19. The post 2015 planning should highlight the increasing systemic risk that economies face given emerging market growth, increased competition for global commodities and increased demand for an equitable distribution of these commodities.

20. This includes restructuring critical global institutions such as the World Bank to create more flexible mechanisms for them to engage in financial markets to develop the frameworks around which private sector capital can be attracted.

21. The panel should also highlight common policy frameworks which underpin future strategies for green economic growth including short term support for new technology (for example feed-in-tariffs), eliminating fossil fuel subsidies while focussing support on pro-poor energy access, achieving a price on carbon and realigning economic policies to support future green growth. See Capital Markets Climate Initiative (CMCI) Investment Grade Policy report—CMCI was set up by Greg Barker MP, Minister for Climate Change (http://www.decc.gov.uk/en/content/cms/tackling/international/cmci/cmci.aspx)

22. In addition a clear commitment to managing the risks associated with global resource constraints (either from limited supply or from increased demand led by econonomic growth in emerging markets) should be put in place. This requires a much more interventionist set of policies and may necessitate strong industrial policy that is coordinated globally.

23. Existing policy intended to manage risk, in particular in the finance sector (such as Solvency II and Basel III) should be examined to ensure that while they may manage past risk (the risks we have already encountered) they do not hinder the change that is needed to unlock solutions to global policies. For example, restrictions on investment into long term illiquid assets could restrict investment into new “green” infrastructure projects.
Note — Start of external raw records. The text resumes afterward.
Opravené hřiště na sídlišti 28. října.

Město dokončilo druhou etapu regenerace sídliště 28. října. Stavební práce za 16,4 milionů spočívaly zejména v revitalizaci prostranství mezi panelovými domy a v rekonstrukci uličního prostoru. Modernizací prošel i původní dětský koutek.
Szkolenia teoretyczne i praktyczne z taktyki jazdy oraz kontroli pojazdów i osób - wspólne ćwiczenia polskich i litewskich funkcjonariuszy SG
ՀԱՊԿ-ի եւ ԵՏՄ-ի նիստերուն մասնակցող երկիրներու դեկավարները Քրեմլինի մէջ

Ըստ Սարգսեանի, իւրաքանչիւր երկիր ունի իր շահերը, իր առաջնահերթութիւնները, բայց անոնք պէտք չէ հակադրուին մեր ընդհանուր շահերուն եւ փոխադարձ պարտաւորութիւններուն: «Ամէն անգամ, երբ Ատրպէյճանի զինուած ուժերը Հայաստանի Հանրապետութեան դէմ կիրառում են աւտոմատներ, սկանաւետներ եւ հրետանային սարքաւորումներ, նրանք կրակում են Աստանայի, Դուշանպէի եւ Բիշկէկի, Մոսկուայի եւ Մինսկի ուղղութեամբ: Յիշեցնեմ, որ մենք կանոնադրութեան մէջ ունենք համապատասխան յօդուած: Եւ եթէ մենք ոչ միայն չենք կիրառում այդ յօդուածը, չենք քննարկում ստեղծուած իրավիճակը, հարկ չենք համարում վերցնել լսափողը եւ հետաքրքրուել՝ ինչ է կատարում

How well the UK Government’s policies and initiatives match the commitments and calls-for-action set out in “The Future We Want” declaration, the areas in which the Government has more to do, and where the Government’s priorities should lie

24. The UK Government has good bold ambition that meets some of the objectives in The Future We Want including a commitment to international aid and climate change action through the UK Climate Change Act.

25. However these long term and strategic commitments are not supported by a clear and consistent set of policies that would enable delivery of these commitments.
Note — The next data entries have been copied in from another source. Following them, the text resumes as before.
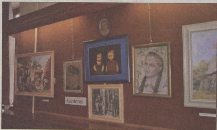
A kiállítás március 29-ig tekinthető meg a közösségi házban
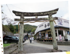
山門ではなく 鳥居
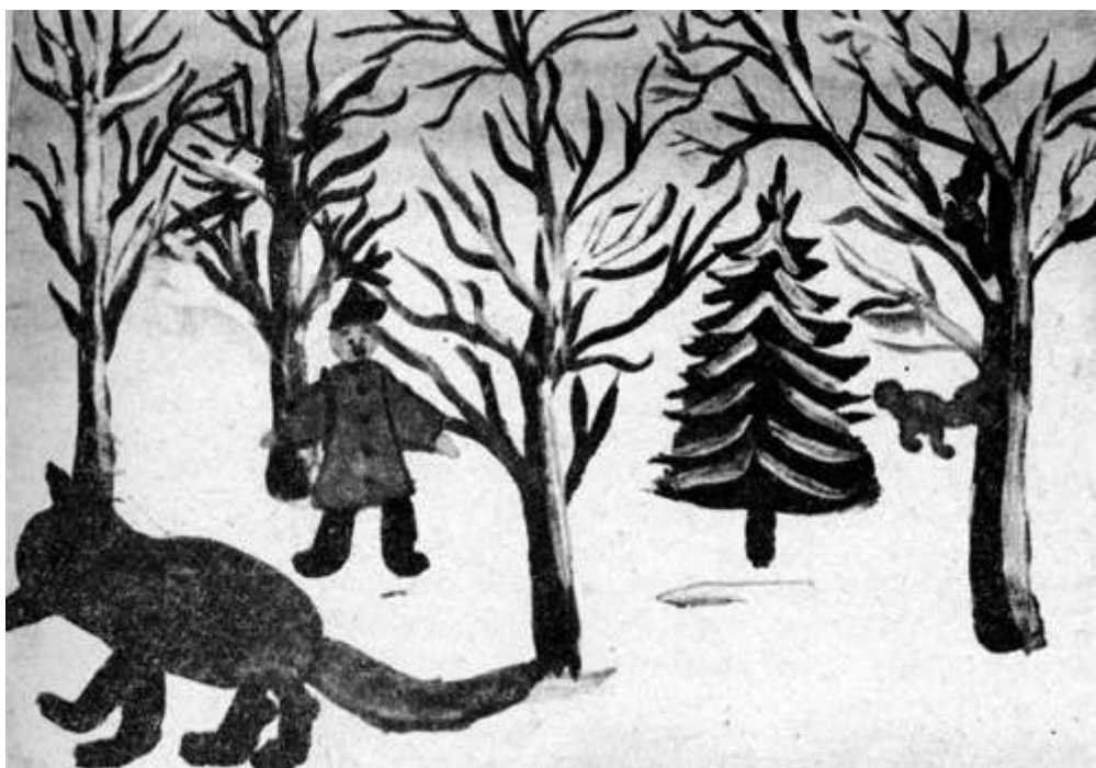
В зимнем лесу. Рисунок дошкольника. Асимметричное построение композиции. Применение перспективы в рисунке

26. For example, UK Department for International Development requires larger capacity to ensure that aid funding is spent in the best way on projects at all scales. UK commitment to international climate finance should not substitute for international development aid commitments (it should be in addition to the 0.7% aid commitment—this was the intention at the Copenhagen Summit but has since been ignored).

27. Climate targets do not deliver emission reductions and a whole scale review of economic policy with a potential focus on new industrial policy is needed to ensure these targets are met.

What part greater informed public debate and wider engagement with the Rio issues needs to play

28. The Future We Want is not a public friendly document. A clear narrative for the future we want is critical to engage the public so potentially difficult, or at the very least big changes, can be supported and understood. The UK Government should prioritise creating a shared vision with detailed economic risk management policies put in place as a matter of urgency.

29. The UK Government could call for an independent commission to be set up that removes itself from short term politics to recommend a set of coherent global policies to enable a green economy. Governments (in particular economic departments) should commit to engaging in this process in a serious manner by making it a legally binding process.

30. Alternatively political leaders should engage directly in this process (possibly as part of the G20 Summits) and not leave it to civil servants who do not have the necessary mandate to compromise and be bold in their political decisions.

31. The public wants wellbeing and stable access to the resources they need. The future we want should deliver this and explain this is what it will deliver.